Wouldn’t that harm the riff raff who are clipping coupons?
Miressi remarked, “There should be a minimum threshold so that the people below the poverty line don’t have to pay a flat tax.”
Goldstein stated that he opposes a flat tax.
“We need a simpler, modern federal tax system that closes loopholes, eliminates waste, fraud, and abuse, and treats working families and small businesses fairly,” he wrote in an e-mail message.
“The current code is too complex and outdated,” Goldstein insisted. “Reform should ensure corporations invest, create jobs, and pay their fair share, while also rooting out inefficiencies and misuse of taxpayer dollars across federal programs”
Republican President Donald Trump is banging the gavel to get the Federal Reserve Board to lower interest rates.
Miressi insists it hurts the working class.
“By keeping interest rates low, it is inflation on the American people,” he explained. “It basically is corporate welfare because they [the business leaders]want low interest rates.”
In their recent book, “Messy Jobs,” economists Luis Graciano, Jim Li and Yanhui Wu contend that with the advent of artificial intelligence, some jobs will disappear, other will be reshaped and “many of the most valuable forms of human work will endure.”
Miressi said, “We are on the precipice of a new industrial revolution.

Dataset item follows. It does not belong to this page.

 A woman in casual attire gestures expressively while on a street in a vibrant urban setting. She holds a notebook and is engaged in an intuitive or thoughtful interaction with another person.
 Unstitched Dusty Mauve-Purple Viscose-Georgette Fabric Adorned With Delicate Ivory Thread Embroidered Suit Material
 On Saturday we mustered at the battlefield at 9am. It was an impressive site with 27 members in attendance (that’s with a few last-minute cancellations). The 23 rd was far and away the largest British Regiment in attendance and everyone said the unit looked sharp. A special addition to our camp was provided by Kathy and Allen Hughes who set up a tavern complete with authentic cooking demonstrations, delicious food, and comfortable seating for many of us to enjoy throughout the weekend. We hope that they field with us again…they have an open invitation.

It will not cause a fiscal bubble.”
“I think there is no way around it,” he said. “It will open up opportunities. We need to get in front of the future and embrace it.

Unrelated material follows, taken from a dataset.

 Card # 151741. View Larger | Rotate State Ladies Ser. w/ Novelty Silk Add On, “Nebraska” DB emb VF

He said the Republicans need to be “more steadfast in becoming an America-first party.”
“Open trade was good for share-=holders,” Miressi explained. “ It was good for government. There were cheaper supply chains. But what did it do for workers. It seems like it is the corporate class and then everybody else.”
On another topic, Miressi said he supports making daylight-savings time permanent, a measure that recently was approved in the U.S. House.

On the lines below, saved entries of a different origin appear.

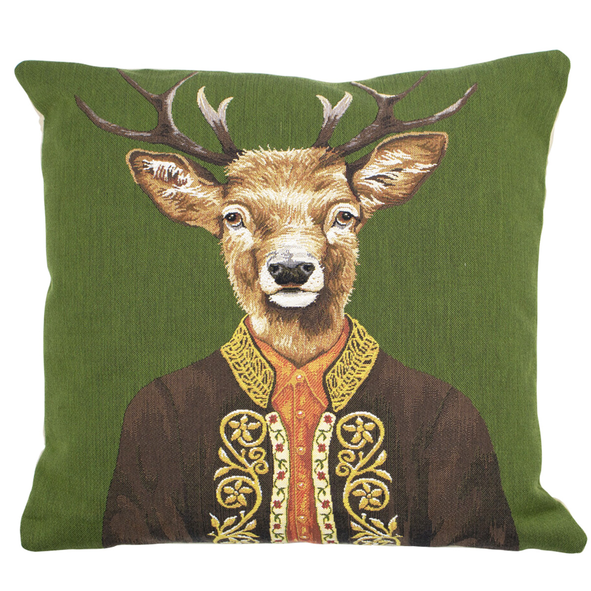 Gobelin Kissen Hirsch, Hirsch im Alpenmantel grün, 45x45cm, Mars & More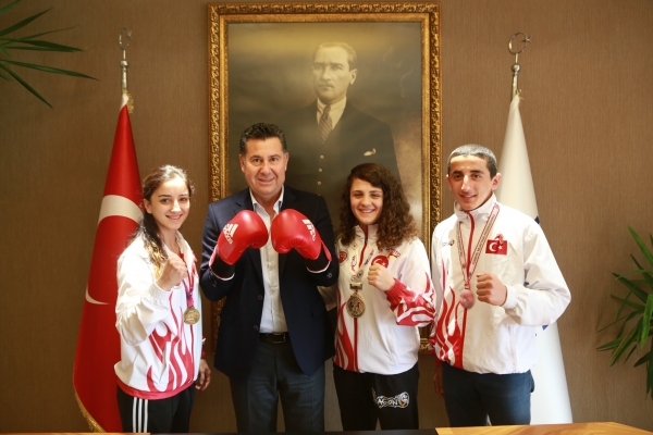 ŞAMPİYON SPORCULARDAN BAŞKAN KOCADON’A ZİYARETİ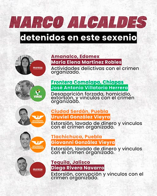 La infografía que circula con los nombres de al menos cinco alcaldes detenidos en lo que va del sexenio no es sólo un recuento policial: es el mapa visible de una red que durante años se normalizó bajo el disfraz de la política local. Amanalco, Frontera Comalapa, Ciudad Serdán, Tlachichuca y Tequila no son casos inconexos; son eslabones de un mismo patrón: autoridades municipales capturadas por el crimen organizado, ya sea por complicidad, por omisión o por franca asociación.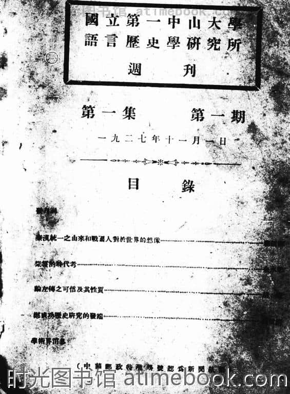 网盘路径:/时光图书馆珍藏系列/书籍文件/老杂志、老期刊/民国期刊/广东/《国立第一中山大学语言历史学研究所周刊》1927-1930年合集.db

“I think having extra hours in the early evening with the sun out is a good thing for the Northeast,” he commented. “Some businesses are impacted during the winter months and it would provide more flexibility going toward six p.m.”
Who is the greatest athlete to come out of Norwalk – Calvin Murphy or Mo Vaughn?
“I have to go with Big Mo,” Miressi said.
He said he has been told that as a high-schooler Vaughn launched a homer that went into Spiderman territory and landed over the visitors stands at Monroe’s Masuk High School.
However, during Murphy’s era no one other than Rick Barry was a more accurate free-throw shooter. Murphy is in the Basketball Hall of Fame in Springfield and Vaughn didn’t even come close to being inducted into the Baseball Hall of Fame in Cooperstown.
However, Murphy only made one NBA All-star team and Vaughn was a three-time All-Star. Maybe more importantly, he was the 1995 American League Most Valuable Player.
Commented Miressi, “Mo was a special talent. He had great hand-eye coordination for hitting a baseball.”
Resources:
Interview with Daniel Miressi, Patch.com, on Tuesday, June 30, 2026.
Phone interview with Daniel Miressi, Patch.com, on Thursday, July 9, 2026.
Phone interview with Daniel Miressti, Patch.com, on Thursday, July 16, 2026.
E-mail interview with Michael Goldstein, Patch.com, on Thursday, July 16, 2026.
Luis Garicano, Jim Lu, Yanhui Wu, “Messy Jobs,” e-Book, 2026.